Nor does this factor in the reality that many of these migrants are traveling in belligerent caravans violent enough to even chase off the Mexican authorities. If this is not an invasion, I’m not sure what is. In addition, the cartels are weaponizing the migrants for military-style strategic surveillance and infiltration of our border. The notion that we could ever adjudicate ourselves out of a gradual invasion through migration was swatted down by Congress in 1996. They never envisioned this degree of paralysis from a direct invasion orchestrated by cartels. There is absolutely nothing that can stop a president from shutting down migration and processing just on that account alone because it’s quintessentially within the province of his powers of national security and foreign affairs.

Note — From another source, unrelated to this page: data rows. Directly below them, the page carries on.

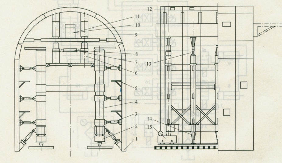 3)水平液壓缸的操作兩個(gè)水平液壓缸35和36由三位四通電磁換向閥18和19的控制,可同時(shí)動(dòng)作,也可單獨(dú)動(dòng)作,完成模板相對(duì)龍門架左、右平動(dòng),從而實(shí)現(xiàn)模板中心與隧道中心的對(duì)位。
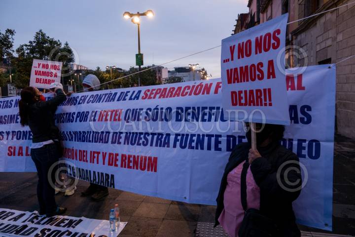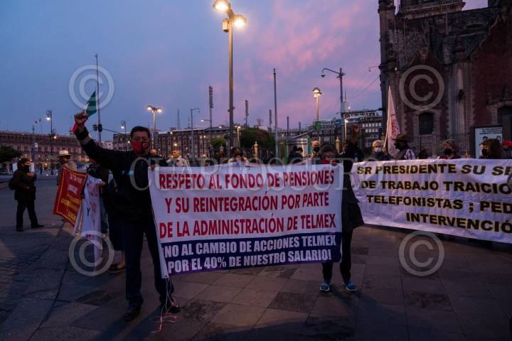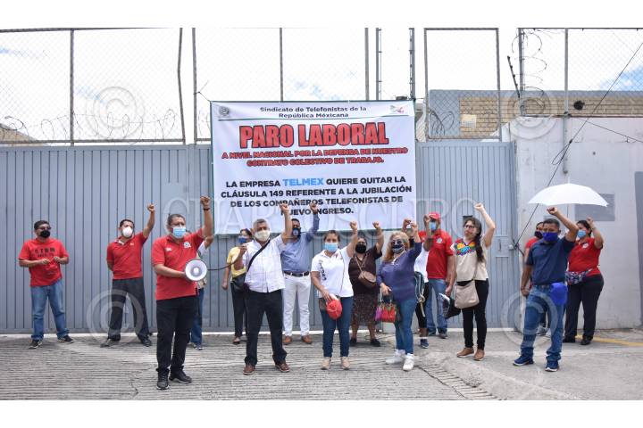 Trabajadores adheridos al Sindicato de Telefonista de la República Mexicana por que supuestamente la empresa de Telmex quieren cancelar la cláusula 149 de jubilación para los trabajadores de nuevo ingreso.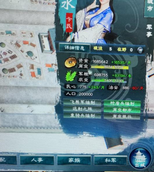 商业值达到城市里,可能会出售各种坤坤大元帅。你需要在每个季度上新元帅时去购买看看,符合条件的留下,不符合的就卖给商人。一般在洛阳、长安、襄阳和邺城这种大城市由于区块较多,最易先达到这个数值。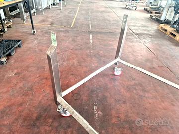 carrello industriale inox usato, si tratta di un telaio carrellato che portava un nastro motorizza. dispone di 4 ruote piroettanti con blocco, come nuovo. i punti di fissaggio sono inclinati. dimensioni: 290X543cm h57/64cm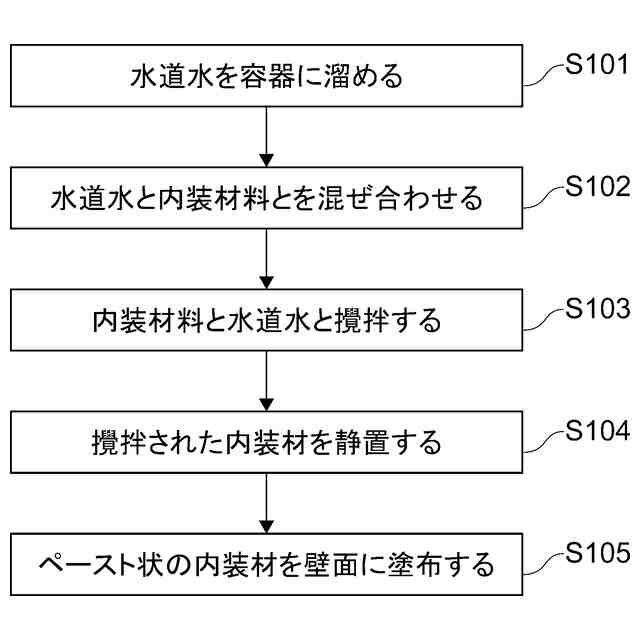 また、本開示は、上記課題を解決するものであり、水道水と粉状の珪藻土および緑色片岩とを混ぜ合わせる混合工程と、前記珪藻土、前記緑色片岩および前記水道水を攪拌してペースト状の内装材を作る攪拌工程と、前記内装材を施工面に塗布する塗布工程と、を含むことを特徴とする施工方法である。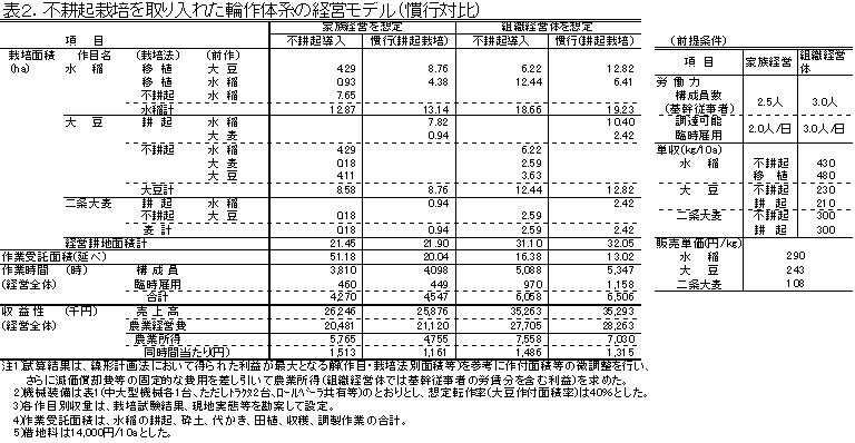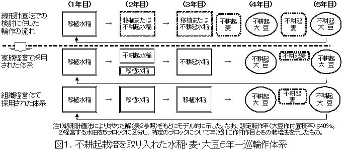 | [成果情報名] | 不耕起栽培を取り入れた水稲・麦・大豆5年一巡輪作体系の経済性 |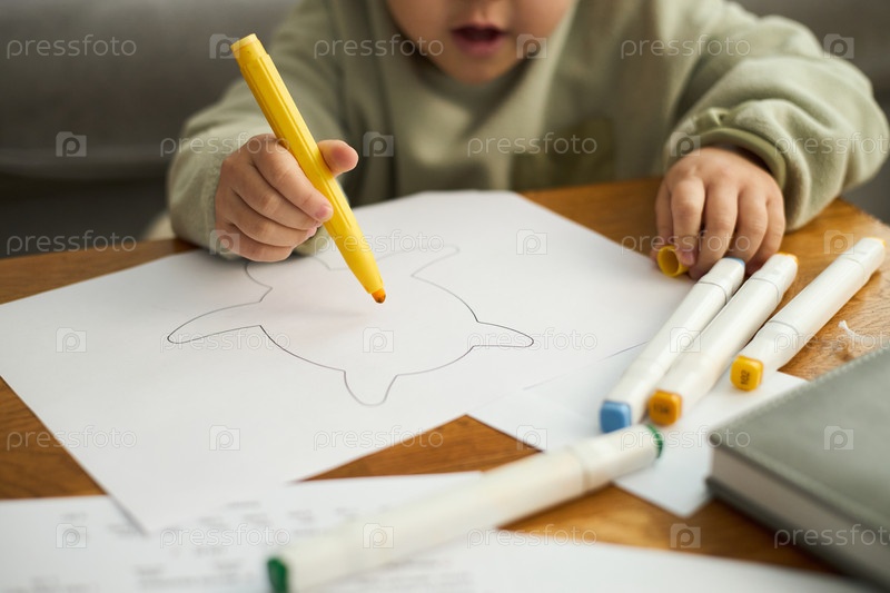 Ребенок рисует картину черепахи с желтым маркером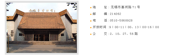 无锡市博物馆是一座综合性地方历史艺术博物馆,座落在具有深厚历史文脉的惠泉山下,古运河畔,馆藏文物近3万余件,内容涉及陶瓷、玉器、青铜器、金银、漆木、织绣、书画和大量近现代文物,其中尤以地方历史文物和明清书画藏品最富特色,丰厚绵长的历史底蕴赋予了她无穷的文化魅力,使她成为一座中华民族传统文化的宝殿。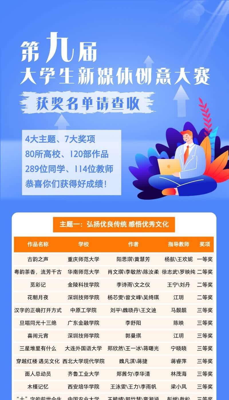 在这个万象更新的日子里,第九届大学生新媒体创意大赛获奖结果正式公布!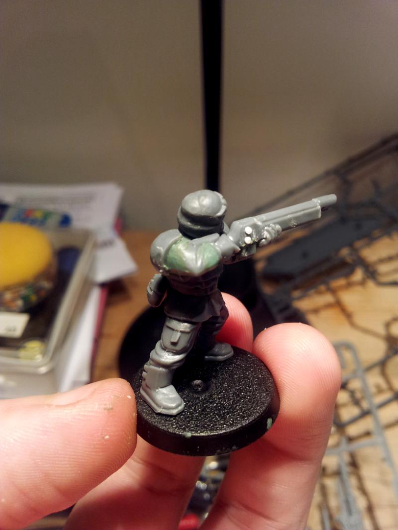 Problem is I've already used the parts- green stuffed the drawing hand on the torso and cleaned up all the bits. Have almost finished the meltagunner and a reloading trooper.

We have reached the point that if anyone is advocating simply for Congress to “fix” laws that have been abused and are not broken, rather than addressing the executive and judicial malfeasance against existing law, there is frankly nothing Congress can pass that will ever solve the problem more than it did in 1996.
Just five days after taking office, President Trump issued an executive order (sec.11c) directing his DHS secretary to properly follow the statutory framework of expedited removal. Over two years later and over 1.2 million additional illegal aliens, we are still waiting for the fulfillment of the 1996 promise. With a new regulation, lawfully binding under current law, almost all of those people can be removed without any intervention from the courts. If it ain’t broke, don’t fix it.